What would have happened to the mat weavers of the community, whose craft was fading into obscurity, until we gave mats new life transforming them into a sought-after interior décor item and generating steady, dignified demand for an ancient skill?
What would have happened to the families- father, mother, and children who now all work at the Resort
What would have happened to the hundreds of bricklayers, carpenters, and artisans who learned their trade at La Campagne Tropicana and are now building African-themed resorts in Ghana, Ethiopia, and the Caribbean as genuine exporters of African craftsmanship?
What would have happened to the thousands of young men and women who passed through Corporate Guards Limited , the private security company I founded in 1989 to professionalise and dignify a sector that had ,at that time, been overlooked?
I also wonder about the village community in Ghana I recently donated 5 solar street lights to. The community deplọyed the lights amongst the clans in the village to provide communal light to their children for schoolwork and for the adults to have an alternative to crouching over kerosine lamps emitting noxious fumes.
In Nigeria, we often focus on mega projects forgetting how small investments can impact and change peoples lives.

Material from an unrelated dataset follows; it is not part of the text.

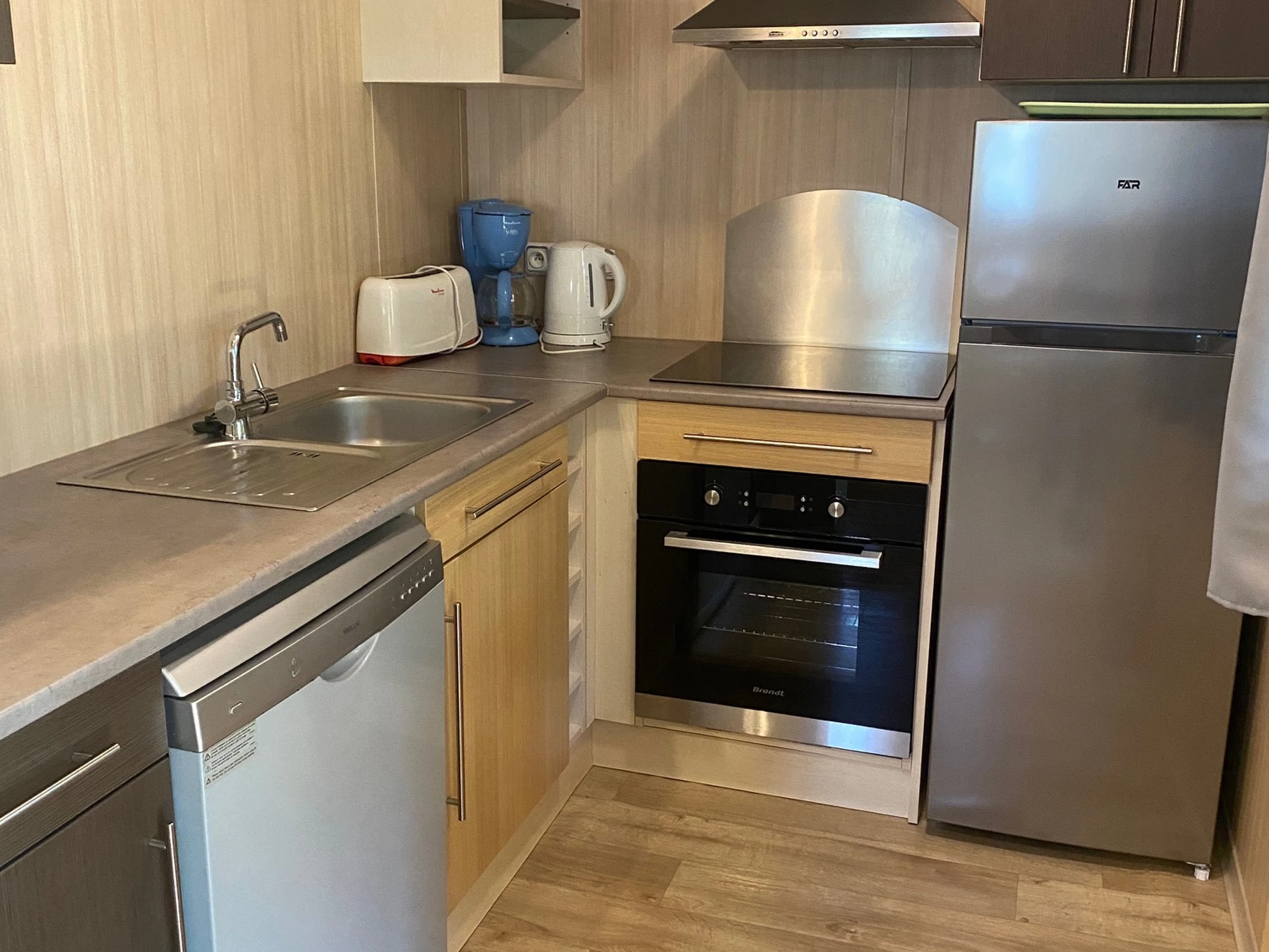 1 Cuisine aménagée et équipée lave-vaisselle, four, plaque vitrocéramique, frigo-congélateur, cafetière classique, micro-ondes, bouilloire, grille-pain.

It is estimated that there are 128,000 small villages in Nigeria. If 10% of Nigeria’s diaspora ( 1.7 million pẹople) donated US $20 each ( or less than the cost of 4 egg McMuffins at MacDonalds) to a fund to light up rural Nigeria , everyone of these villages could receive 5 solar street lights . This would impact positively on the lives of the recipient villages while creating opportunities for the villagers and improving life in Nigeria
In closing, I would like to emphasize that I strongly believe that it is not the wealth we leave for our children we should worry about, but the kind of society.
Thank you”
Other notable speakers included Ayo Akinmade, Executive Vice Chairman of Regus, who delivered an insightful presentation on unlocking Africa’s business potential, as well as Dr. Tunji Olagunju and several distinguished professionals who shared perspectives on investment, innovation, leadership, entrepreneurship and promoting Lagos as Africa’s preferred destination for business, tourism and economic opportunities.
The conference concluded with a renewed call for stronger public-private collaboration, indigenous innovation and strategic investments capable of positioning Lagos and Africa as globally competitive destinations for sustainable economic growth, tourism and enterprise.